## What is being asked
Keep the wording of each record exactly the same when you repeat it, and leave out pictures.

(Beginning of Data provided)

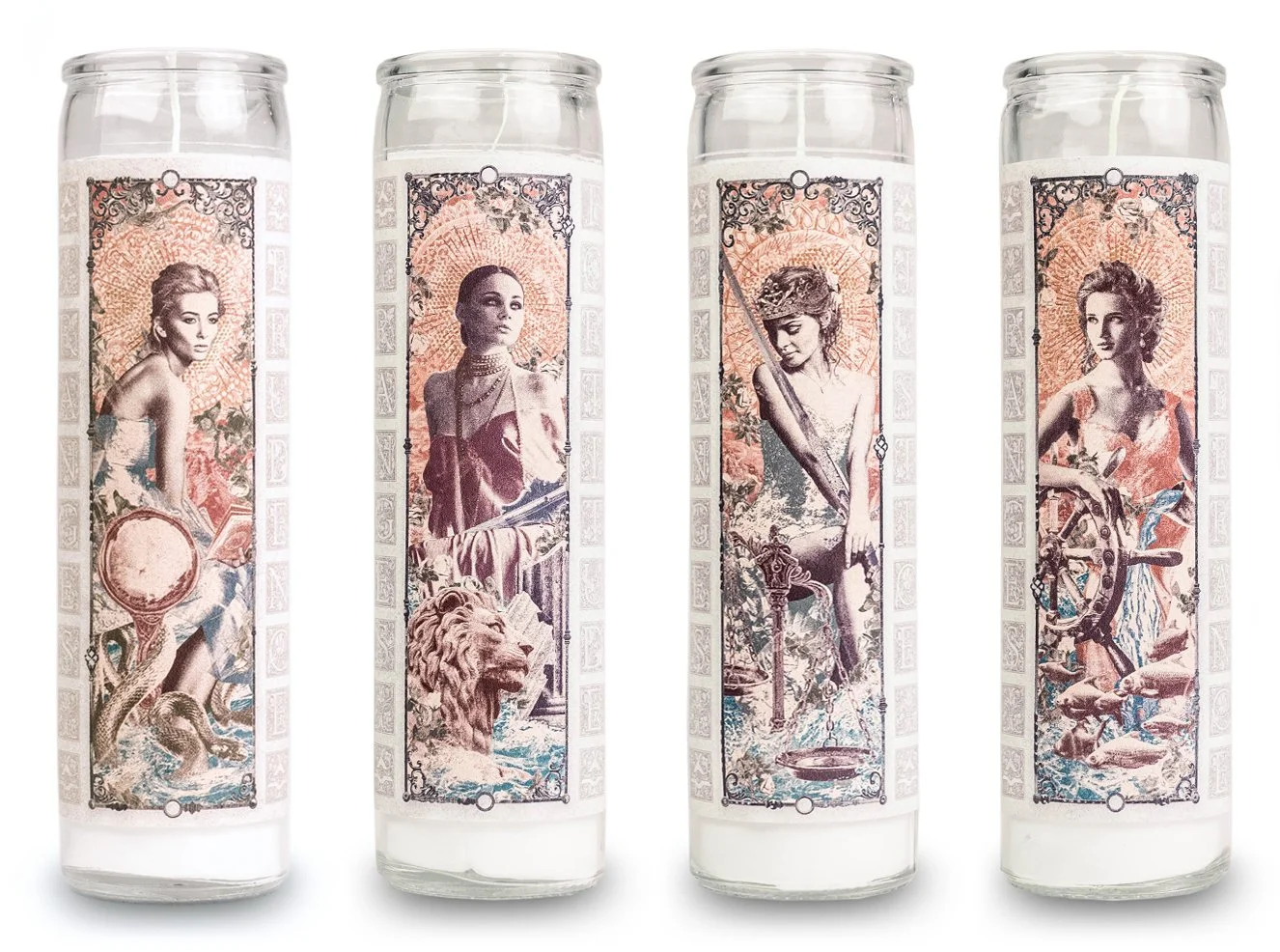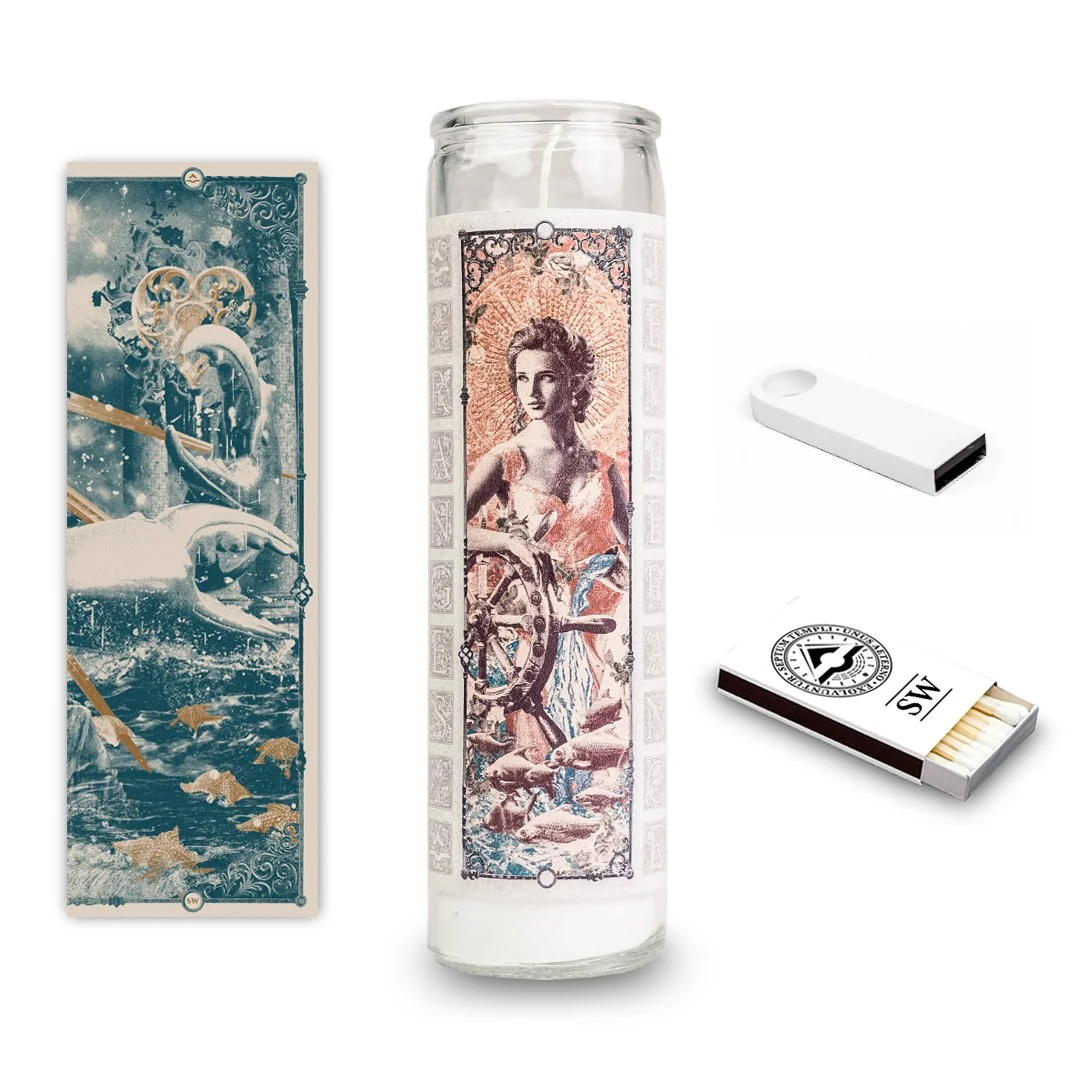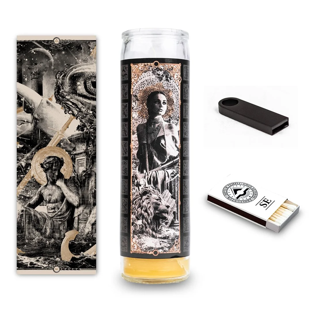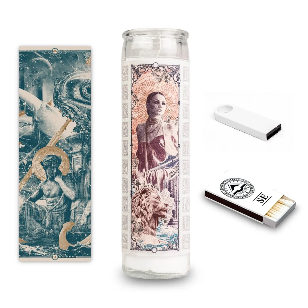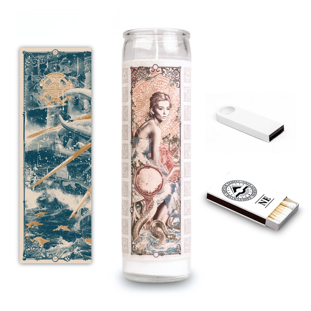 Each flash drive was accompanied by a prayer candle wrapped in the image of one of the four classical goddesses from the Cardinal Winds gatefold. A section of a large format poster was included with each release, one fourth of a greater whole that could only be completed by assembling all four. Each Intercardinal was also packaged with a box of matches bearing the direction of the release and the RANGES seal.
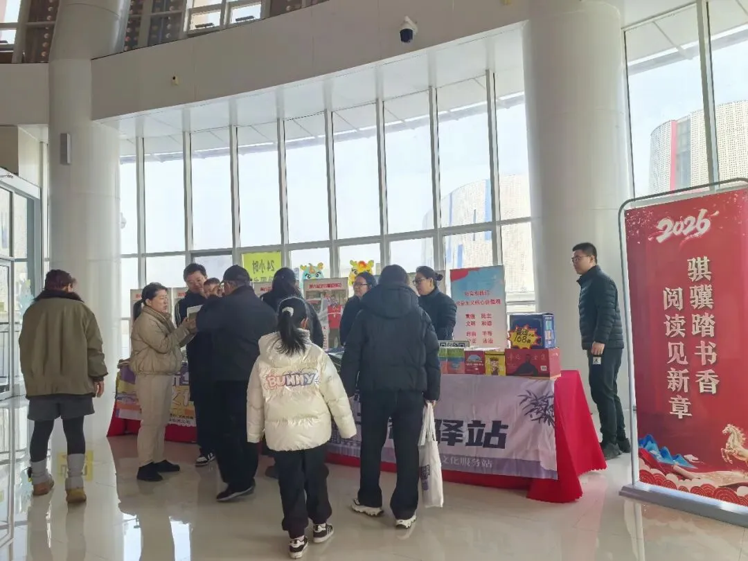 1月31日,“黄河大集”之寒假新春书籍展销会在东营市图书馆举办。本次活动以“骐骥踏书香·阅读见新章”为主题,由我馆联合新华书店共同策划推出,旨在通过丰富多彩的文化惠民活动,为市民读者营造浓厚的节日阅读氛围。
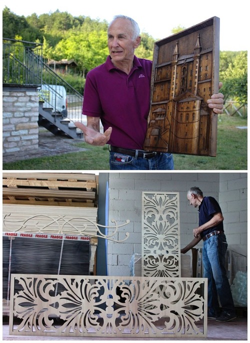 In Canavaccio di Urbino, a suburb of the university town, a factory welcomes visitors with a sign that reads “Artista del Legno”—Artist of Wood. Inside, countless hand-crafted, three-dimensional wooden pictures hang on the walls of the hallway and offices. The intricate inlays depict scenes of towns like Urbino, farmers, musical instruments, and the Cross; the products of patience, time and quiet craftsmanship. But behind a closed door at the end of the lobby, come the harsh noises of enormous machines. Nowadays, the factory makes laser-cut plexiglass and wooden goods such as display shelves and boxes.
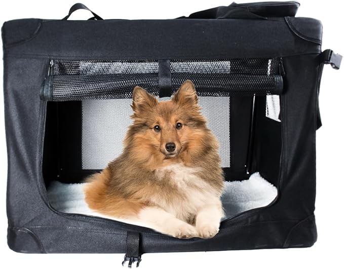 STARBRILLIANT 3-Door Portable Soft-Sided Folding Soft Dog Travel Crate Kennel,Black (32″x23″x23″)
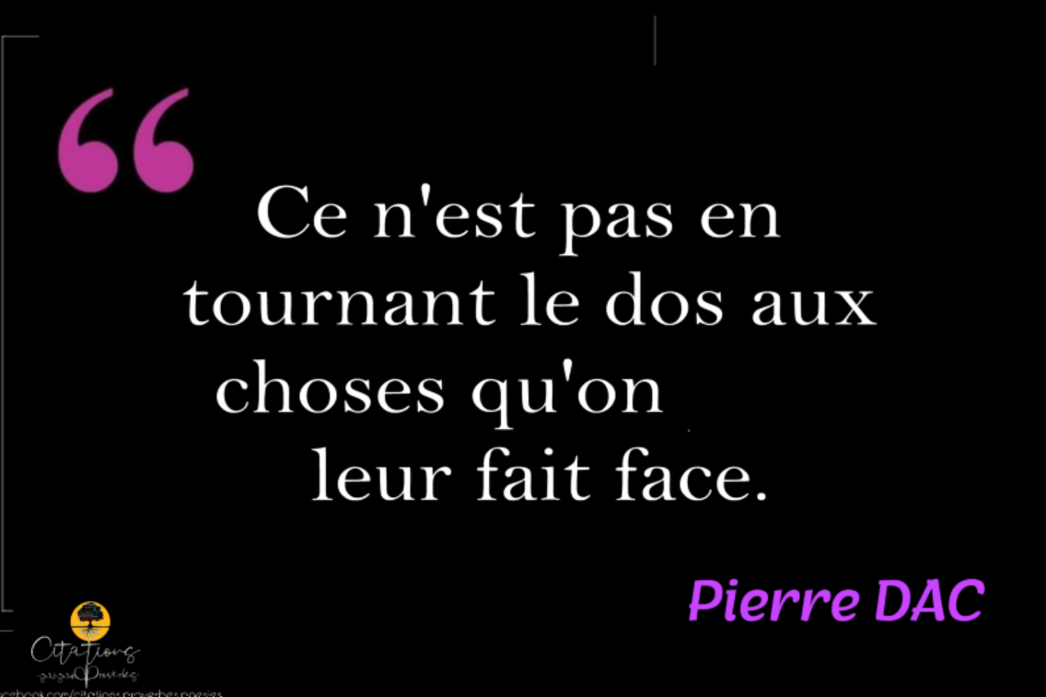 Citations Ce n’est pas en tournant le dos aux choses qu’on leur fait face. 33 Share Ce n’est pas en tournant le dos aux choses qu’on leur fait face. Pierre DAC 33 Share

(End of Data provided)

## Expected answer
 Each flash drive was accompanied by a prayer candle wrapped in the image of one of the four classical goddesses from the Cardinal Winds gatefold. A section of a large format poster was included with each release, one fourth of a greater whole that could only be completed by assembling all four. Each Intercardinal was also packaged with a box of matches bearing the direction of the release and the RANGES seal.
 1月31日,“黄河大集”之寒假新春书籍展销会在东营市图书馆举办。本次活动以“骐骥踏书香·阅读见新章”为主题,由我馆联合新华书店共同策划推出,旨在通过丰富多彩的文化惠民活动,为市民读者营造浓厚的节日阅读氛围。
 In Canavaccio di Urbino, a suburb of the university town, a factory welcomes visitors with a sign that reads “Artista del Legno”—Artist of Wood. Inside, countless hand-crafted, three-dimensional wooden pictures hang on the walls of the hallway and offices. The intricate inlays depict scenes of towns like Urbino, farmers, musical instruments, and the Cross; the products of patience, time and quiet craftsmanship. But behind a closed door at the end of the lobby, come the harsh noises of enormous machines. Nowadays, the factory makes laser-cut plexiglass and wooden goods such as display shelves and boxes.
 STARBRILLIANT 3-Door Portable Soft-Sided Folding Soft Dog Travel Crate Kennel,Black (32″x23″x23″)
 Citations Ce n’est pas en tournant le dos aux choses qu’on leur fait face. 33 Share Ce n’est pas en tournant le dos aux choses qu’on leur fait face. Pierre DAC 33 Share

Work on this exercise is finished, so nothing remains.